8.1 What the LLM sees vs doesn’t see
flowchart LR
subgraph llm[LLM sees]
sys[System prompt]
trans[Transcript]
toolDefs[Tool definitions<br/>names + arg schemas + descriptions]
toolRes[Tool result bodies<br/>projected/truncated]
runbook[Retrieved runbook chunks]
end
subgraph never[LLM never sees]
token[Access token]
rawResp[Raw unprojected API responses<br/>over 4KB]
otherUser[Any other user's data]
end
classDef good fill:#dfe;
classDef bad fill:#fdd;
class llm good;
class never bad;
9. Failure modes & their handling
| Failure | Detection | Handling |
|---|---|---|
| Model emits a tool name not in allowlist | Tool Manifest Validator (server) | Reject before sending to browser; log; the Agent Loop tells the model “that tool doesn’t exist” and continues. |
| Model emits args that violate the manifest schema | Tool Manifest Validator (server) | Same as above. |
| User declines a proposal | Browser Orchestrator | Send {status:"declined"} back; model is prompted to acknowledge and suggest alternatives or stop. |
| Backend API returns 4xx | Proposal Executor | Normalize to {status:"error", error:{kind:"client", ...}}; fed back; model may propose differently. No auto-retry. |
| Backend API returns 5xx | Proposal Executor | Same as 4xx with kind:"server". No auto-retry. |
| Network/timeout in browser | Proposal Executor | Surface in chat UI with “try again” affordance; user must re-approve to retry. |
| Tool response exceeds 4KB | Proposal Executor | Apply per-tool responseProjection first; if still over, truncate with …truncated, N more bytes note. |
| Bedrock returns an error | Bedrock Client Wrapper | Surface to user as “something went wrong with the assistant”; no auto-retry; turn ends. |
| Lambda response stream interrupted | Browser Orchestrator | Mark partial turn as failed; user can resend. |
| Runbook KB retrieval fails | Runbook Retriever | Return empty result + log; model is told “no runbook found” and proceeds without one. |
| Conversation grows past comfortable token count | (Logged, not enforced in v1) | No action in v1. Watch logs; revisit if real conversations exceed ~50K tokens. |
10. Deployment
flowchart LR
subgraph aws[AWS]
CF[CloudFront]
FU[Lambda Function URL<br/>response streaming]
L[Chat Service Lambda]
BR[Bedrock Converse]
KB[Bedrock KB]
S3[(S3 — runbook source)]
CW[CloudWatch]
IAM[IAM execution role]
end
SPA[React SPA<br/>existing app]
Router[Existing Router Service]
SPA --> Router
Router --> CF
CF --> FU
FU --> L
L --> BR
L --> KB
L -.-> CW
S3 -.-> KB
L -.- IAM
- Lambda with response streaming via Function URL, fronted by CloudFront for caching headers and a stable hostname.
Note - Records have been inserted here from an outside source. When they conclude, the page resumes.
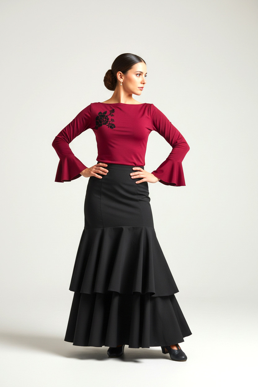 Top de manga hasta codos con aplicación de volantes en el bajo. Escote barca cerrado en delantero y más escotado en la espalda. Aplicación de vinilo en forma de flor en la parte superior derecha en color contraste.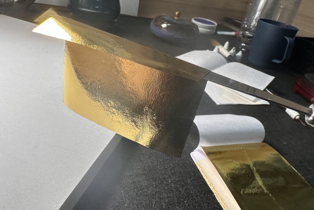 Once the surface was covered, I spent time in silence, observing how the light settled across the field of gold. Only after the gold accepted its stillness did I begin to prepare the ink. To ensure that the Sumi ink would adhere without repelling on the gilded surface, I mixed it with a small amount of acrylic medium, transforming it into waterproof ink that could flow yet remain stable.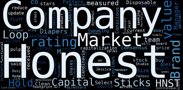 This document will help you to evaluate The Honest Company without reading an infinite amount of sources. Relying only on stock quotes or prices to make investment decisions is a mistake. Analyzing and observing stock charts, highs and lows and other numerical data does not allow to evaluate the real value of a company. Stock quotes and prices are the result of underlying characteristics of a company and of events and news happening around them. For this reason, investing must be based on information, not numbers. As a solution, we programmed an artificial intelligence that reads the whole internet and the uses natural language processing and vectorizers to summarize the information. Usually, the AI reads several hundred pages and summarize it to a short document. This document presents our results. We found that the most common words in the internet about The Honest Company are: Honest, Company, value, Loop, Capital, …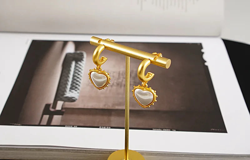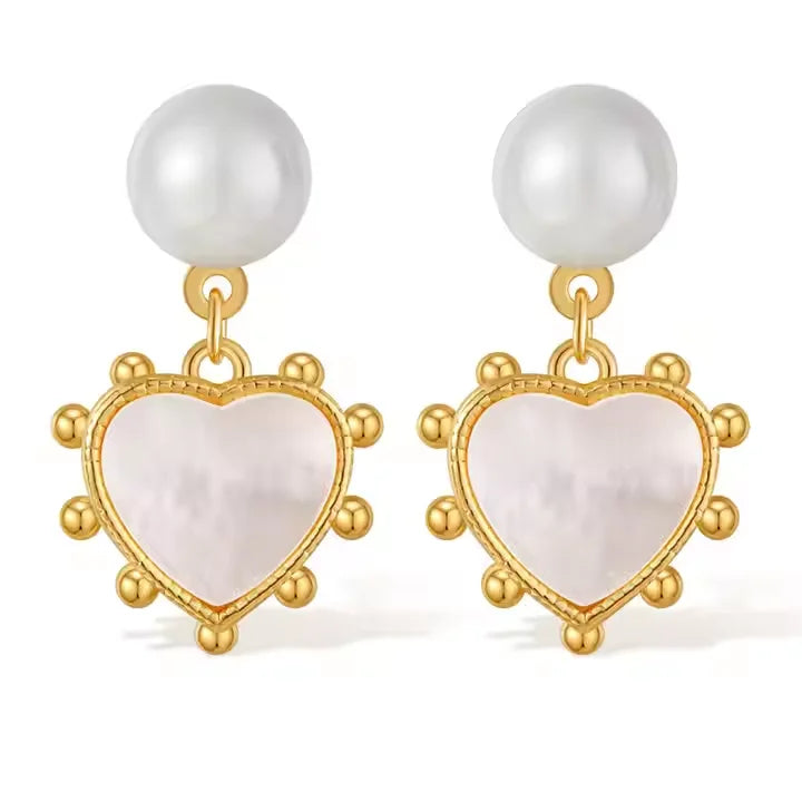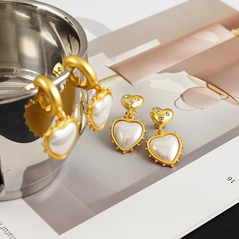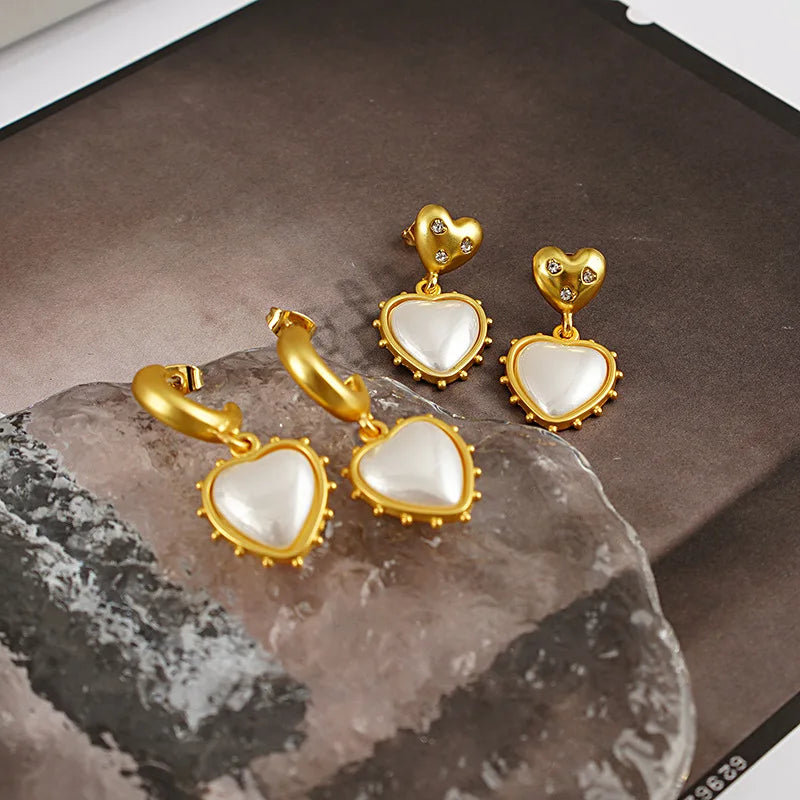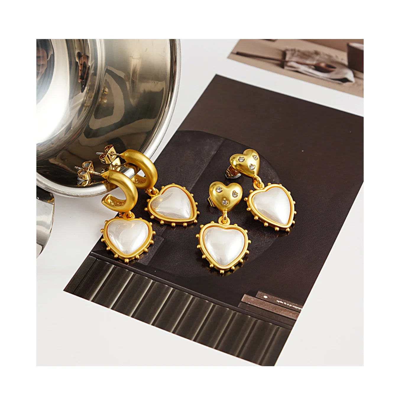 Fashion Pearl Heart Ruffle Drop Earrings Vintage Stainless Steel Heart Shaped Baroque Pearl Hoop Earrings for Women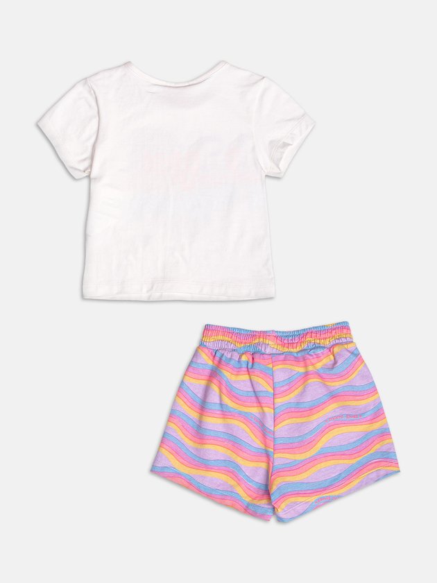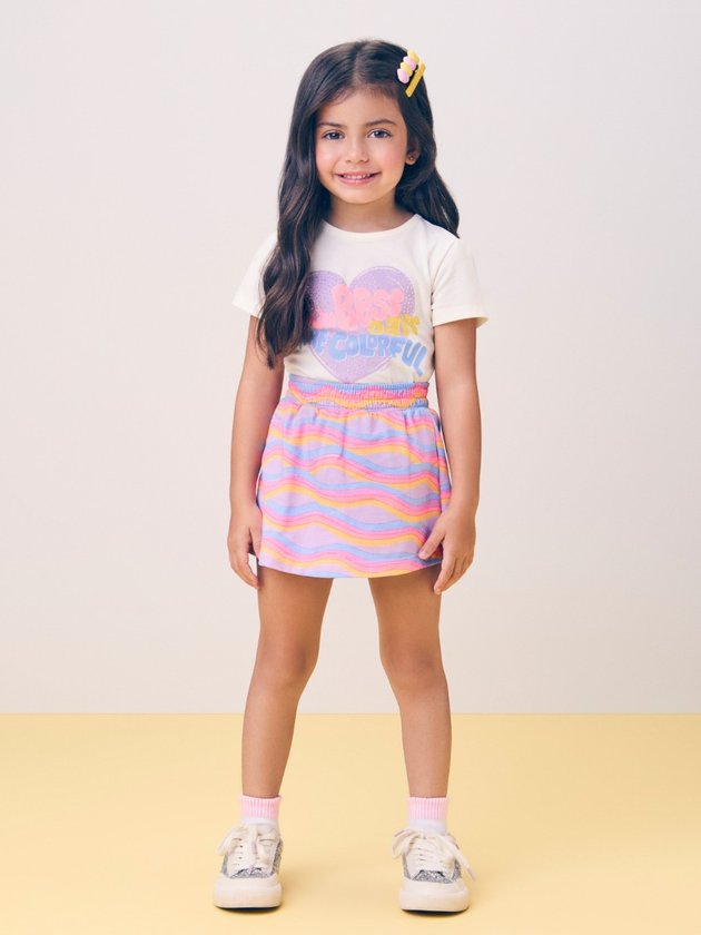 Um conjunto vibrante que celebra a alegria das cores! A camiseta off white traz a frase "The Best Days Are Colorful" com aplicação de strass no coração lilás, adicionando um brilho especial ao visual. Acompanha um short-saia com estampa arco-íris em tons pastel, que confere movimento e um charme extra ao look. Ideal para meninas que amam se expressar com leveza e diversão.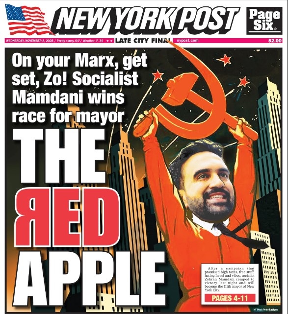 New Yorkers elected their first socialist mayor Tuesday, handing far-left Democrat Zohran Mamdani a historic victory — as he claimed a mandate for his potentially budget-busting progressive agenda and all but declared war on President Trump, ‘The New York Post’ stresses.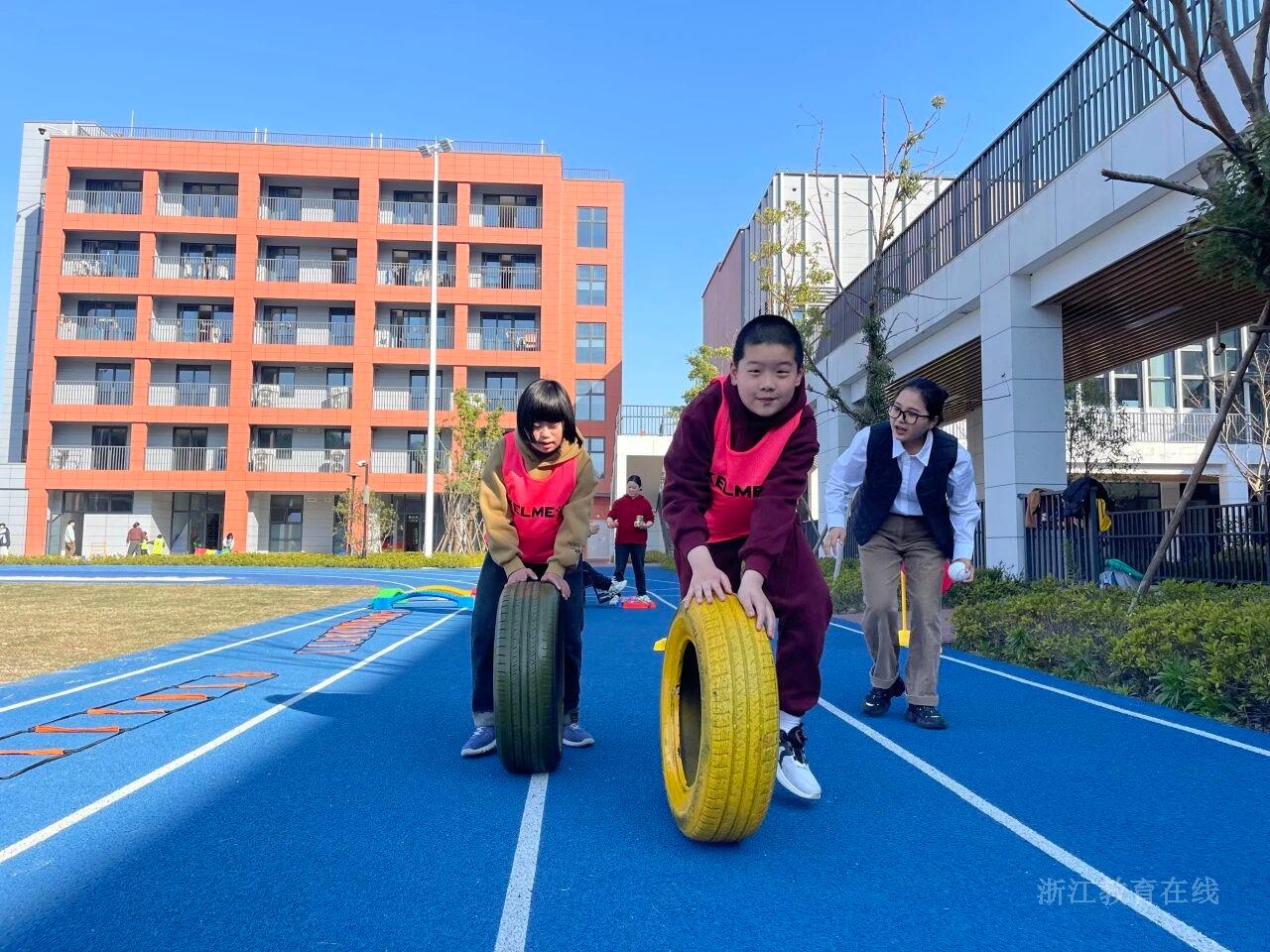 ▲绿城育华嘉兴长水实验学校丰富课间活动,将课间15分钟打造成“体育第二课堂”。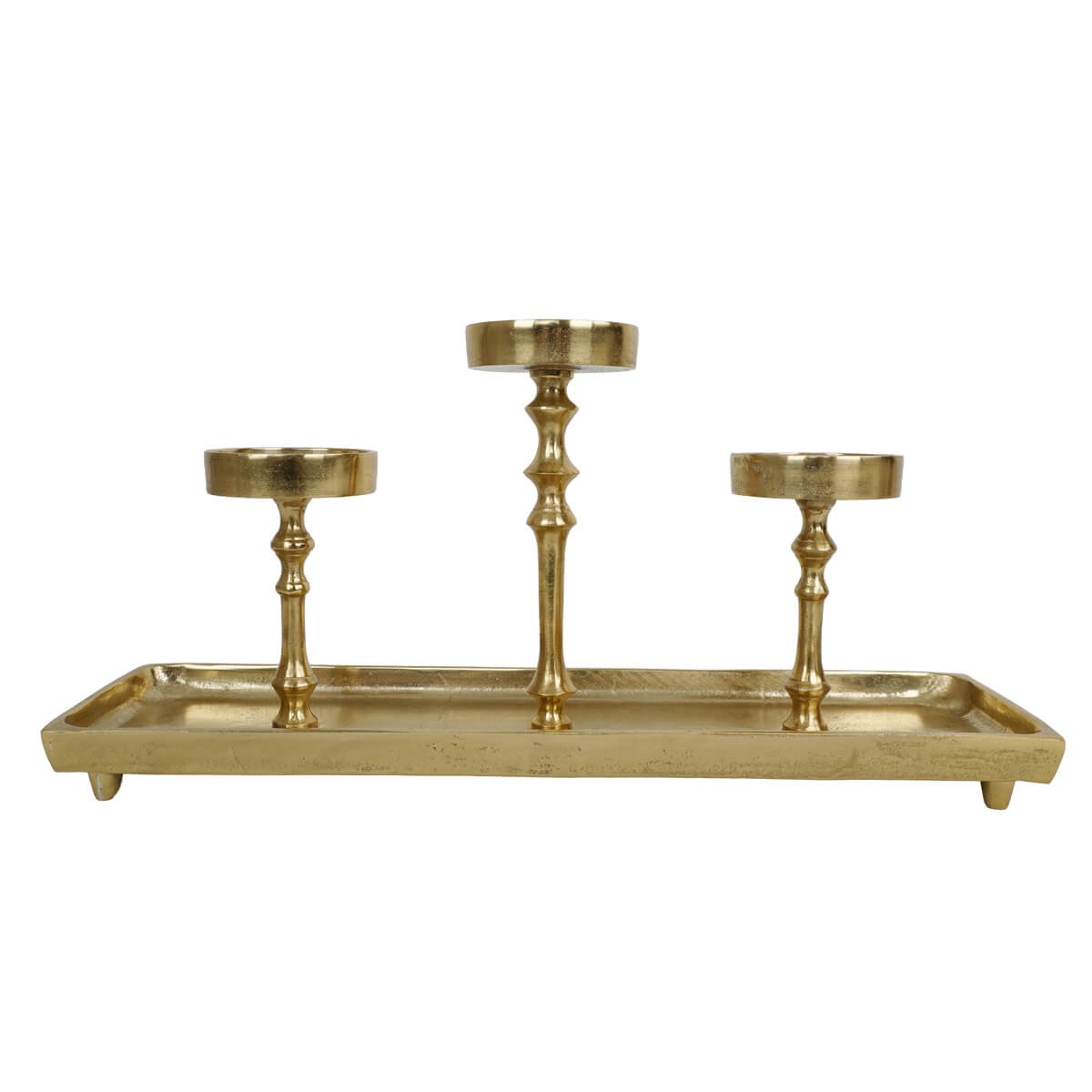 Candelabro Oro in Alluminio a 3 Bracci – Porta Candele Elegante 48x13,5xH.24,5 cm

The existing Router Service forwards authenticated traffic to CloudFront.
- IAM: Lambda role allows
bedrock:InvokeModelWithResponseStream,bedrock-agent-runtime:Retrieve, and CloudWatch Logs writes. No other AWS API access. No access to user data stores — by construction, the chat service does not need them. - CDK app is the source of truth for all of the above; one stack per environment.
11. Open trade-offs and known risks
| Trade-off | Decision | Future revisit signal |
|---|---|---|
| Browser-held transcript | Accepted; ships v1 fast | Users ask for cross-device resume; or support requests transcript access |
| No rate limits / cost budgets | Accepted; bounded risk via Cognito-only access | First abuse incident; or any non-trivial public rollout |
| No transcript persistence | Accepted | Support needs to review user sessions; compliance requires retention |
| Single model (Haiku 4.5) | Cost-first start | Quality complaints on multi-step tasks → escalate to Sonnet 4.6 |
| No model-evals | Accepted; small v1 surface area | Runbook count grows past ~20 or retrieval quality drops |
| No macro-tools | Accepted; primitive chaining + per-call HITL | Approval fatigue measured in user research |
| No product-docs KB | Accepted; navigate-and-handoff | If a significant fraction of user queries are declined, build the KB |
| Out-of-scope = decline-and-navigate | Accepted | Liability cost of one wrong answer ≫ inconvenience of navigation |
Each of these has a tracked deferral in PRD §“Out of Scope.” None are oversights.